Task objective: Starting at the first line of the listing below, retype each line up to and including the one that contains "A roll of Markforged Inconel 625 Spool 200cc". Leave pictures out.
= Beginning of Section =
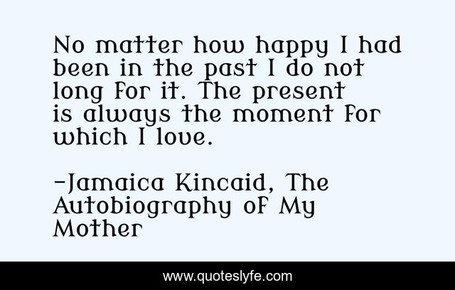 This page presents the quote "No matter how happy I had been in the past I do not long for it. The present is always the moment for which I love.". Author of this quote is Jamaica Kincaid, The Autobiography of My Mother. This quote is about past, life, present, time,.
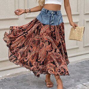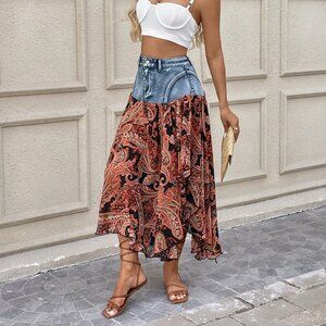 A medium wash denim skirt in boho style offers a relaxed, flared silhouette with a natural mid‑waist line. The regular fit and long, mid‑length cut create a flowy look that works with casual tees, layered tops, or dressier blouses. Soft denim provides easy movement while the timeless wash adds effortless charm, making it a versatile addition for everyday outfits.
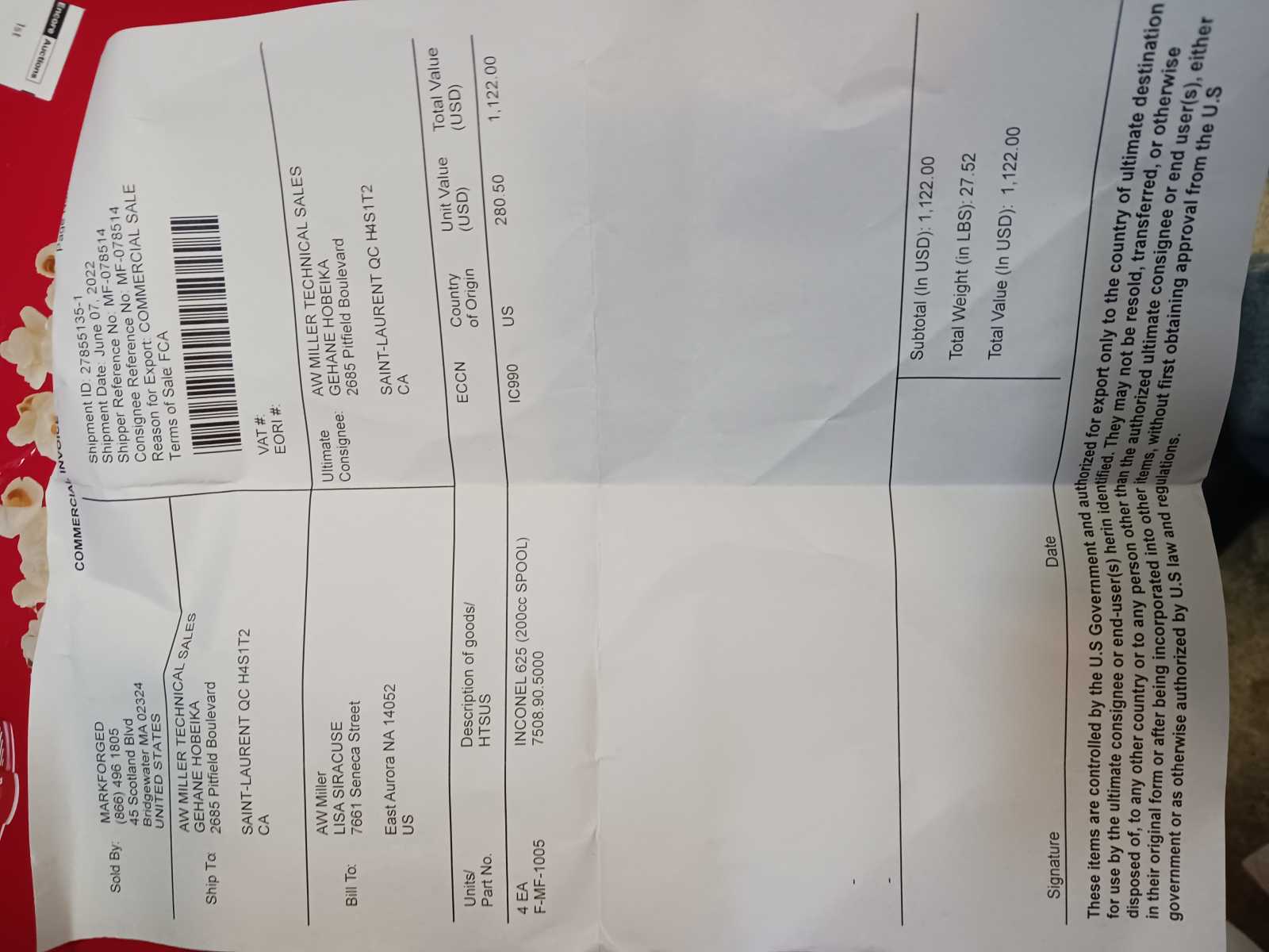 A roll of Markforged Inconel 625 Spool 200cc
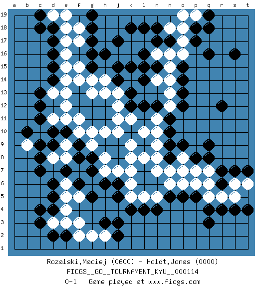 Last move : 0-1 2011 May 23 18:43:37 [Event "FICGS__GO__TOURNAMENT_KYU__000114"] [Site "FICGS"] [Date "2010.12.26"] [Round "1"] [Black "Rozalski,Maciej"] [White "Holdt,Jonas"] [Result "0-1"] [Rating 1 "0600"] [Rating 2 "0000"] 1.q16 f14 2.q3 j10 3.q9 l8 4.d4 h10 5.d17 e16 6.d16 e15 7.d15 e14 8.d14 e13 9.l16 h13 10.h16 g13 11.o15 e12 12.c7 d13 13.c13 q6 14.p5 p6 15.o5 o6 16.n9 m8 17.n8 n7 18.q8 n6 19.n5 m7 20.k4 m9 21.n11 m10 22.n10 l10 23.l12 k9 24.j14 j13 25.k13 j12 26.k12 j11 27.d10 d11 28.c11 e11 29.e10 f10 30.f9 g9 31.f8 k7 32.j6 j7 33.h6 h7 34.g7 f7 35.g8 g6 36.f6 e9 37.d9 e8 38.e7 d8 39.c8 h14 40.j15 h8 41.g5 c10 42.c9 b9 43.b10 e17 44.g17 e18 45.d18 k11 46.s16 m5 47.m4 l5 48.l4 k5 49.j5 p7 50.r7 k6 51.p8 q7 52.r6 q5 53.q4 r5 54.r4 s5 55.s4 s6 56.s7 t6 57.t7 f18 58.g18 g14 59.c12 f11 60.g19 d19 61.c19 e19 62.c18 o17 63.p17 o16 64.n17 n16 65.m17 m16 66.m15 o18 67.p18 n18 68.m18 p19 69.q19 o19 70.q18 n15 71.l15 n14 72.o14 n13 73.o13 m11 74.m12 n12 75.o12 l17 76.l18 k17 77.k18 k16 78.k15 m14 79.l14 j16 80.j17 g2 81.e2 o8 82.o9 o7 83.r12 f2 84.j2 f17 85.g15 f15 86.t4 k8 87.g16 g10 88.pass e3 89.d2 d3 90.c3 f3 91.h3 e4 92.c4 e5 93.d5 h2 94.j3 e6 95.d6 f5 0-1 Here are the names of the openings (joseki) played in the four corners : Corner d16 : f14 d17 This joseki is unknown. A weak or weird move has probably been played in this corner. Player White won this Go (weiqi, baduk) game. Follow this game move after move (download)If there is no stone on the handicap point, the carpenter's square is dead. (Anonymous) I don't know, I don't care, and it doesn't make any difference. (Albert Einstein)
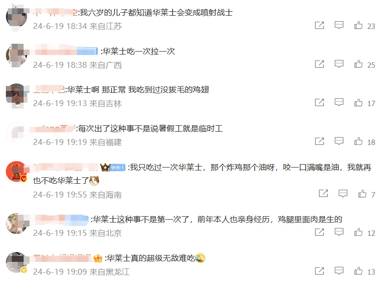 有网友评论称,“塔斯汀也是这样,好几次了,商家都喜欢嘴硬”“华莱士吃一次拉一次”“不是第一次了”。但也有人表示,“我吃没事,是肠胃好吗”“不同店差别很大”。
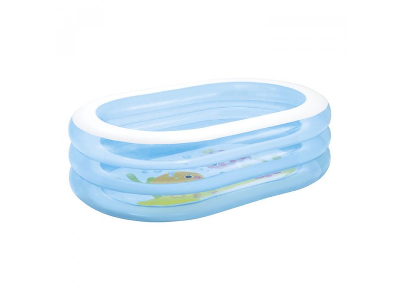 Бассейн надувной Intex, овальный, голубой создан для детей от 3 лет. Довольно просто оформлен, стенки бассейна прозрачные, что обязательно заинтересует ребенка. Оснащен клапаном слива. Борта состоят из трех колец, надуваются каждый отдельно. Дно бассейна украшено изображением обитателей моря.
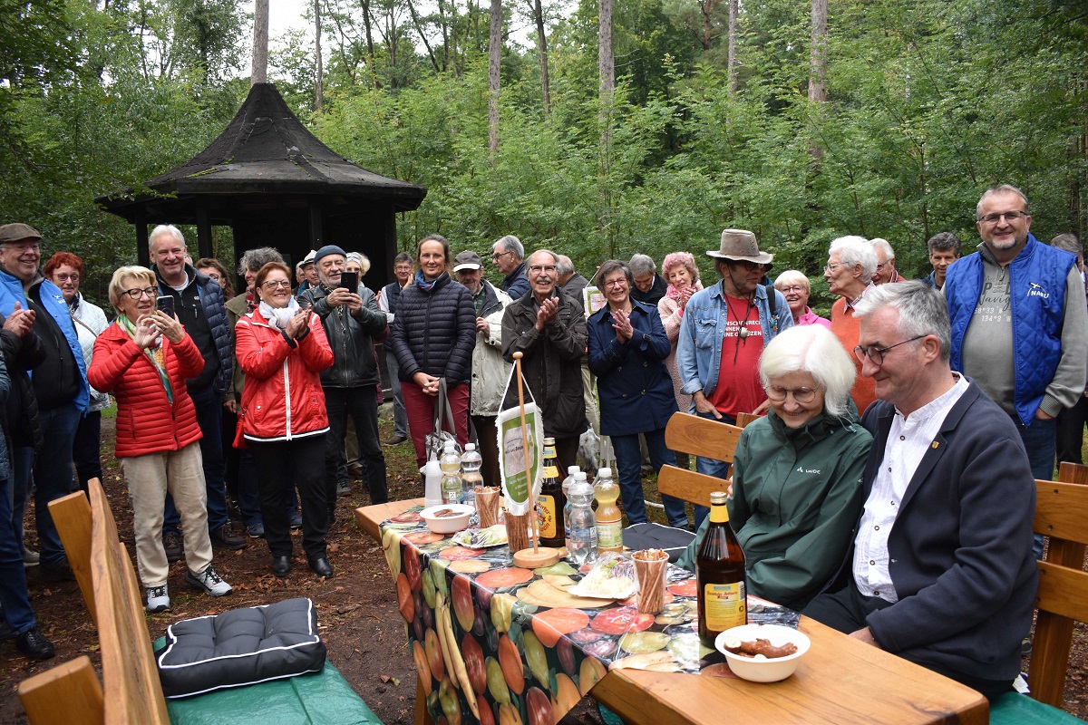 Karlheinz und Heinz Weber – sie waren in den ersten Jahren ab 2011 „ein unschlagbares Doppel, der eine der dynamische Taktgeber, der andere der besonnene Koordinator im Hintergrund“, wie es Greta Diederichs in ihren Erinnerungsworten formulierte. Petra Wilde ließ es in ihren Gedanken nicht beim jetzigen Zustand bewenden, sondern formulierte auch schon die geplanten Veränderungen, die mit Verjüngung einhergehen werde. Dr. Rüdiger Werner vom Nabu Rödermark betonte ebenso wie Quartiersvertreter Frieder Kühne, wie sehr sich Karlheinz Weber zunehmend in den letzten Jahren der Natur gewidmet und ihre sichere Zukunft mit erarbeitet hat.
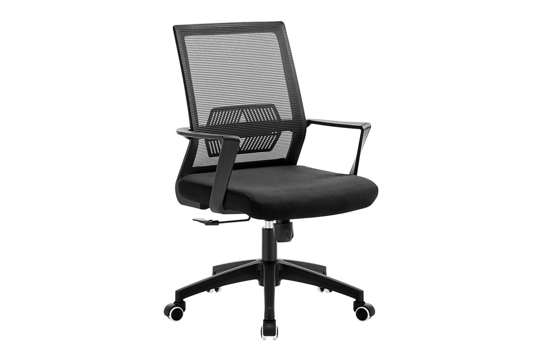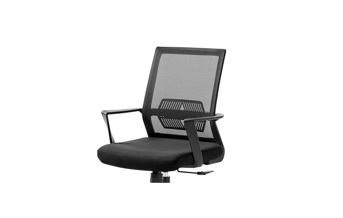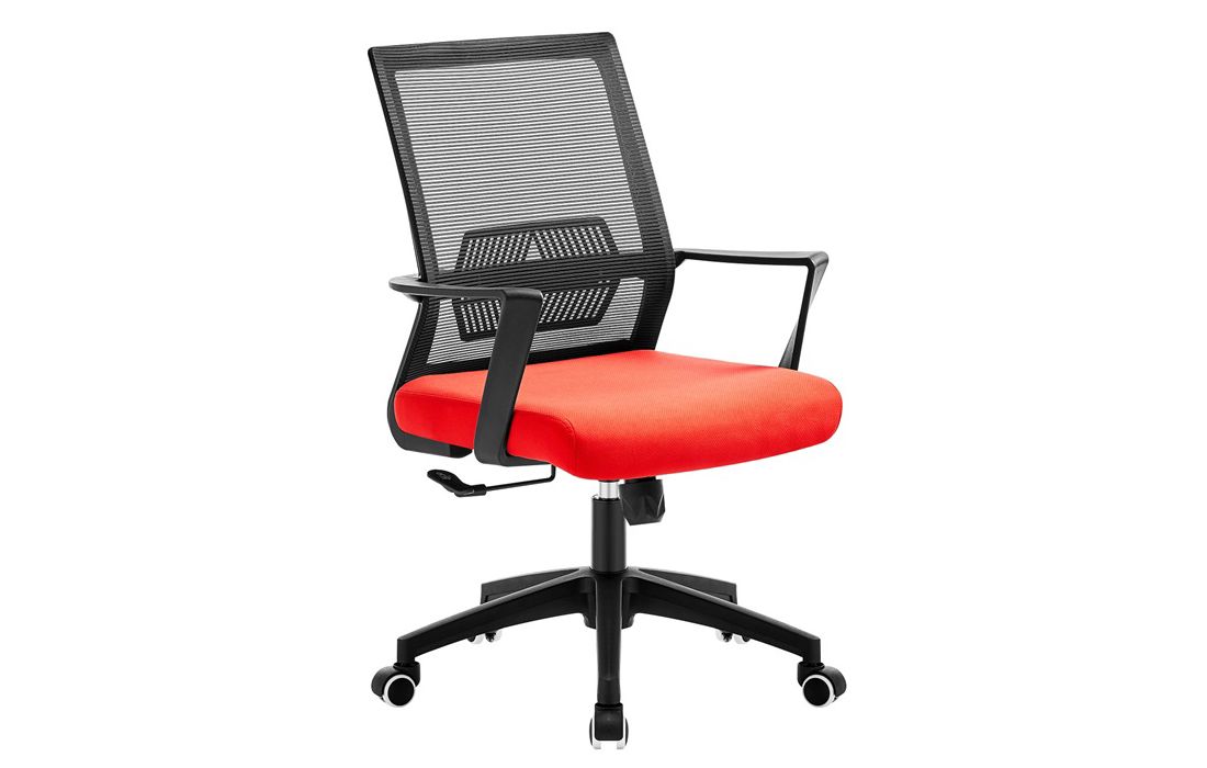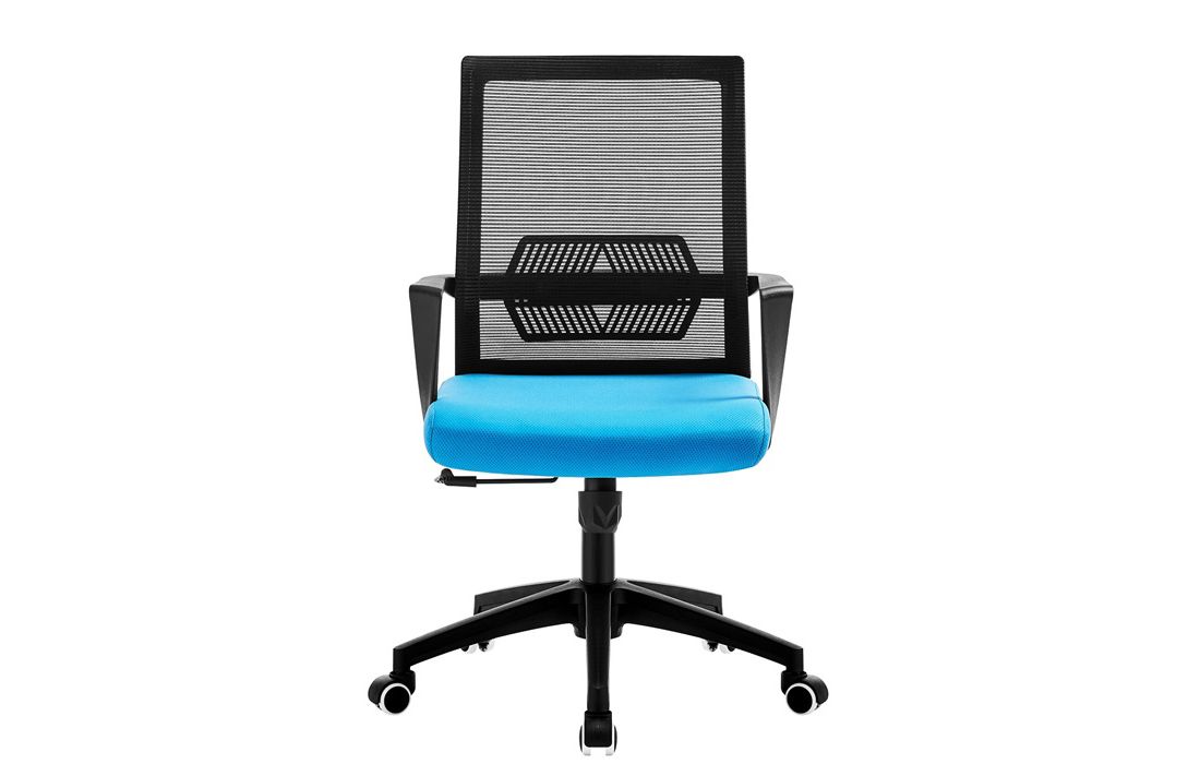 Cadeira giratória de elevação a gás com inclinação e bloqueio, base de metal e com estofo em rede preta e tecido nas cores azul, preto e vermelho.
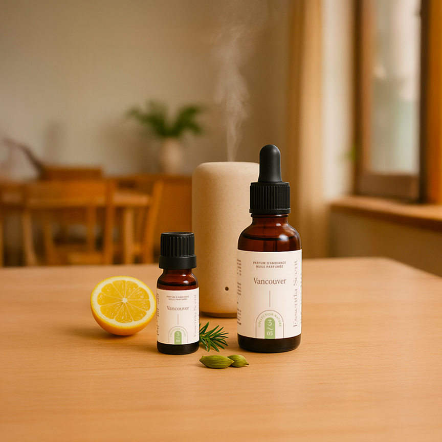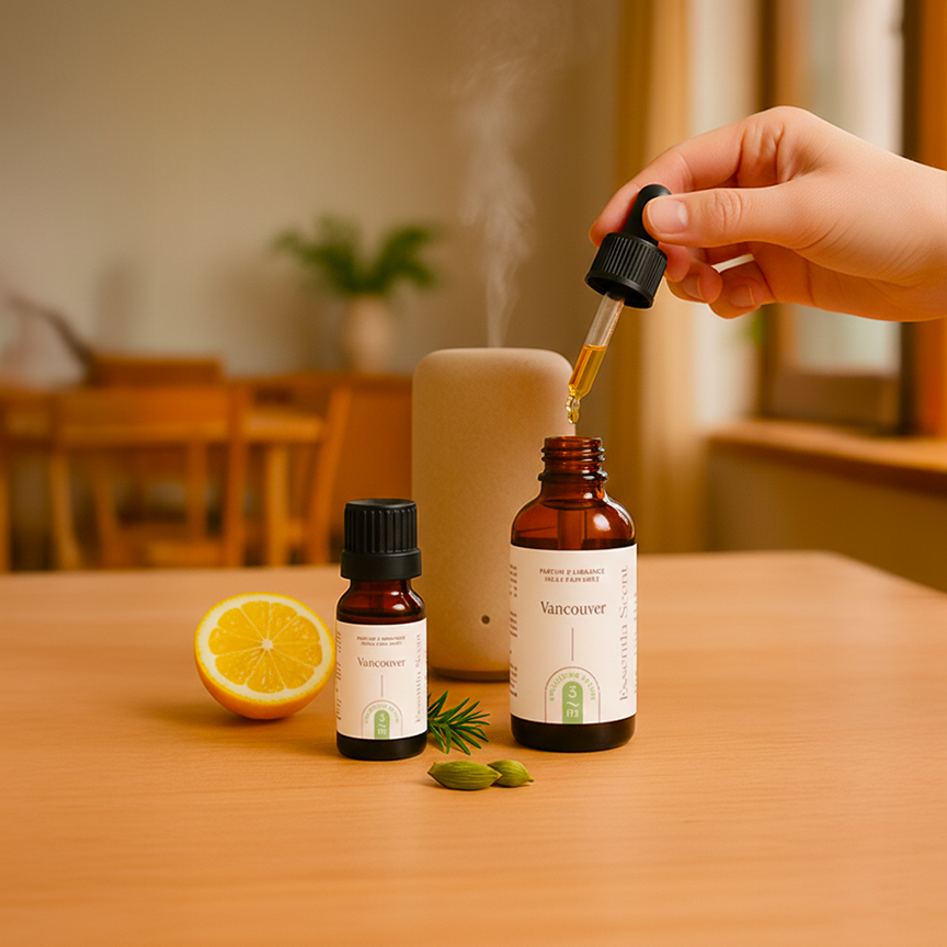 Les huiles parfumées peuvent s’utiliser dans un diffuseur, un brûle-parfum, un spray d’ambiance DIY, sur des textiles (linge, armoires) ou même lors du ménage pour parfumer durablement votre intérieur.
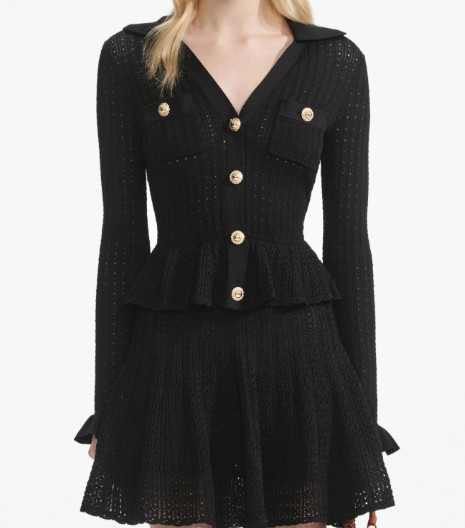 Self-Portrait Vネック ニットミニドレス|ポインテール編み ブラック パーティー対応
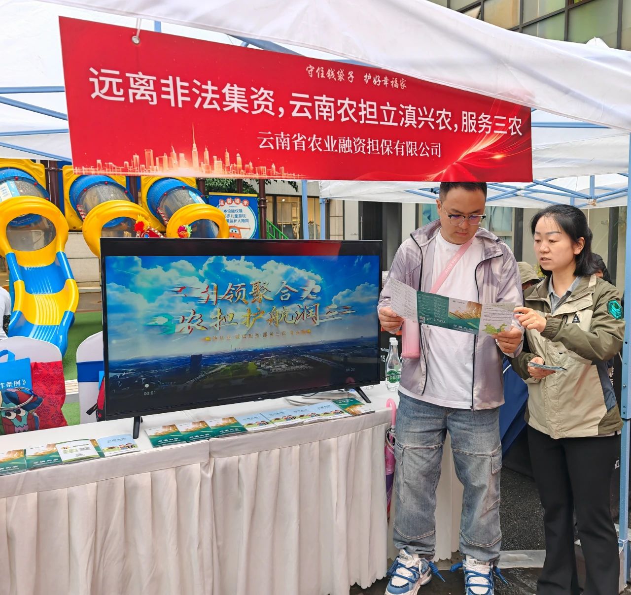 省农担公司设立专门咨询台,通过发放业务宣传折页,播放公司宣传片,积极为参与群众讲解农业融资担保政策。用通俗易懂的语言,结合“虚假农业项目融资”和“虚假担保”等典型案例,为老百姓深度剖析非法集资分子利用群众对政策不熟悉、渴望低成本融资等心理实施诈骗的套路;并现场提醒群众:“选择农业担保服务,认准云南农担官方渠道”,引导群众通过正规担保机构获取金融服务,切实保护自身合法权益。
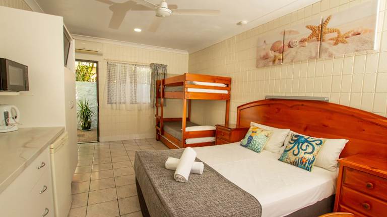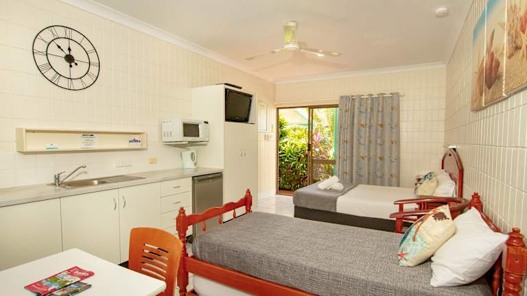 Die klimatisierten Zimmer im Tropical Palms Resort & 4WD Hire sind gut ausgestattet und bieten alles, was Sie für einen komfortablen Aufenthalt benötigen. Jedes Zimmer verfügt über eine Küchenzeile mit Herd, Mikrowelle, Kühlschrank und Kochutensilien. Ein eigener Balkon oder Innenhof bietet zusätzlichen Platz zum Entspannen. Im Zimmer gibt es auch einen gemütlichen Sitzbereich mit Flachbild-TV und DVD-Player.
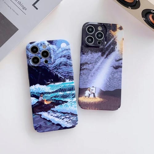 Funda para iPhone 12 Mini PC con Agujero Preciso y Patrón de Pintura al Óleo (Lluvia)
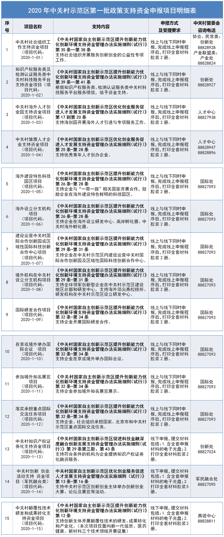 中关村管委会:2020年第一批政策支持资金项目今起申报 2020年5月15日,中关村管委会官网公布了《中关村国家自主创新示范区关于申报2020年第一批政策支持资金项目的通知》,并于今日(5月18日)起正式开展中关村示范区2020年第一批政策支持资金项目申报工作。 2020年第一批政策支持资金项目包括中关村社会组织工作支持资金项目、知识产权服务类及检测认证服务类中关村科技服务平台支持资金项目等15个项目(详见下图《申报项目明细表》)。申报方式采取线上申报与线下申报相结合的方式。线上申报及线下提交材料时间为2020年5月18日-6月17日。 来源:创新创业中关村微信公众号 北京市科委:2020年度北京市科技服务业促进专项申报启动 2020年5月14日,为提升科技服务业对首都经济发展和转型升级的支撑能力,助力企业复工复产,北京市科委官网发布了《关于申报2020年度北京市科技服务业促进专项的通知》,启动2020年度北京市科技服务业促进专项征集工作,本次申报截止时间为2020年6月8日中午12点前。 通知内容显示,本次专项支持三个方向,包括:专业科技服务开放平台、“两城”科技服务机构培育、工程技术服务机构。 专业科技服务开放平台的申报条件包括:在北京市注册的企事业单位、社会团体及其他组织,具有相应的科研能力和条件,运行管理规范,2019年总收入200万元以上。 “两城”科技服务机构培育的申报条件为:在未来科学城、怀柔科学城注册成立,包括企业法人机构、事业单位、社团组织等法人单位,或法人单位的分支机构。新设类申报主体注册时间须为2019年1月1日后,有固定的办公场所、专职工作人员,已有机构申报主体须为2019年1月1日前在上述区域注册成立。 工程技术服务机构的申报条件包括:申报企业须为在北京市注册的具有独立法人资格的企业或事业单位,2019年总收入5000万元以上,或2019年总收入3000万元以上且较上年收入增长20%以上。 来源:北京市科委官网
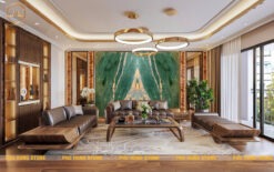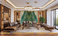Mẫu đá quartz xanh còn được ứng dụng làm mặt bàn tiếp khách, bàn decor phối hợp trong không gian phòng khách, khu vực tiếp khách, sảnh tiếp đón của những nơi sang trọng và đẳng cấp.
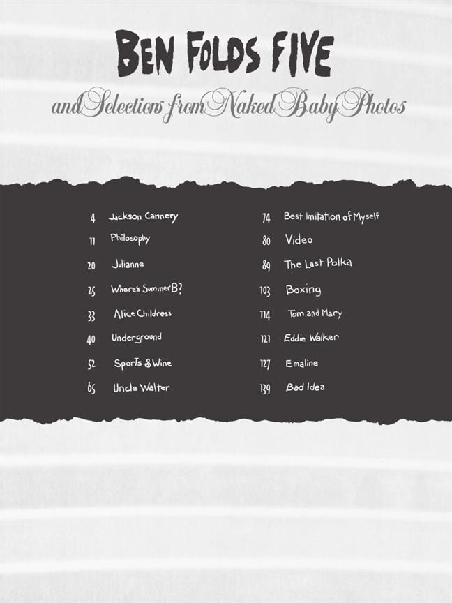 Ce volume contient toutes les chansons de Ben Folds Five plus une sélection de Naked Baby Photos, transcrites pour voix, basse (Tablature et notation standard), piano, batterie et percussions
= End of Section =
Answer to the problem:
 This page presents the quote "No matter how happy I had been in the past I do not long for it. The present is always the moment for which I love.". Author of this quote is Jamaica Kincaid, The Autobiography of My Mother. This quote is about past, life, present, time,.
 A medium wash denim skirt in boho style offers a relaxed, flared silhouette with a natural mid‑waist line. The regular fit and long, mid‑length cut create a flowy look that works with casual tees, layered tops, or dressier blouses. Soft denim provides easy movement while the timeless wash adds effortless charm, making it a versatile addition for everyday outfits.
 A roll of Markforged Inconel 625 Spool 200cc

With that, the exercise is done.